Overview and Purpose

A range index is a specialized data structure that accelerates queries involving range-based filtering operations. While traditional inverted indexes excel at equality-based filters (column = value), range indexes are optimized for comparison operations like greater than, less than, or between.

Range indexes transform range-based filtering from full table scans to targeted lookups, significantly improving query performance when filtering data across numeric ranges or time intervals.

Range indexes are particularly valuable for:

  • Queries with inequality filters (>, <, >=, <=)
  • Between operations (column BETWEEN x AND y)
  • Numeric or timestamp columns with high cardinality
  • Analytical workloads that frequently filter metric values by ranges

Range indexes are especially beneficial for high-cardinality columns (columns with many unique values) where traditional inverted indexes would be inefficient due to their large size.

How the Index Works

Core Concepts

Traditional inverted indexes create mappings from individual values to the rows containing them. This approach works well for equality checks but becomes inefficient for range operations, especially with high-cardinality columns.

A range index in StarTree Cloud complements inverted indexes by utilizing:

  1. Range-Based Mapping: Instead of mapping individual values to rows, a range index maps ranges of values to rows that contain values within those ranges.
  2. Efficient Range Evaluation: When a query includes a range predicate (e.g., column > 100), the index can quickly identify the exact set of rows that meet this condition without scanning the entire dataset.

Example Illustration

For a column storing sales amounts with values ranging from $0 to $1,000:

A traditional approach would need to scan every row and check each value against the filter condition.

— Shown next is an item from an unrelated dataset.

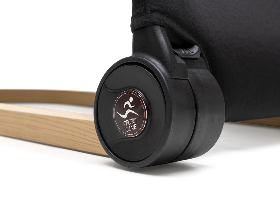 טרמפולינה Primo בעיצוב מודרני ונקי, הכולל מסגרת דמוי עץ/שחור קלת משקל ויציבה מאד.

With a range index, the system:

  1. Divides the value range into segments (e.g., $0-$100, $100-$200, etc.)
  2. Maps each segment to the rows containing values in that range
  3. For a query like sales_amount > 500, quickly identifies only the relevant segments and returns the corresponding rows

This dramatically reduces the number of rows that need to be examined, resulting in faster query performance.

Configuration

Enabling Range Index

To enable a range index on a column in your StarTree Cloud table, add the following configuration to your table definition:

{
  "fieldConfigList": [
    {
      "name": "sales_amount",
      "indexes": {
        "range": {}
      }
    }
  ]
}

Alternative Configuration (Legacy Method)

You can also use the older configuration format, though it’s not recommended for new deployments:

{
  "tableIndexConfig": {
    "rangeIndexColumns": [
      "sales_amount"
    ]
  }
}

Important Configuration Considerations

  1. Column Requirements: Range indexes can be created on:
    • Dictionary-encoded columns of any data type
    • Raw-encoded columns of numeric types (INT, LONG, FLOAT, DOUBLE)
    • Dictionary-encoded time columns using STRING type (if the datetime format maintains lexicographical order)
  2. Cardinality Recommendation: Range indexes are best suited for columns with high cardinality (many unique values), where inverted indexes would be inefficient.
  3. Storage and Memory: Range indexes are more compact than inverted indexes for high-cardinality columns, resulting in better storage efficiency and memory usage.
  4. Query Pattern: Use range indexes on columns that are frequently filtered with range predicates (>, <, >=, <=, BETWEEN).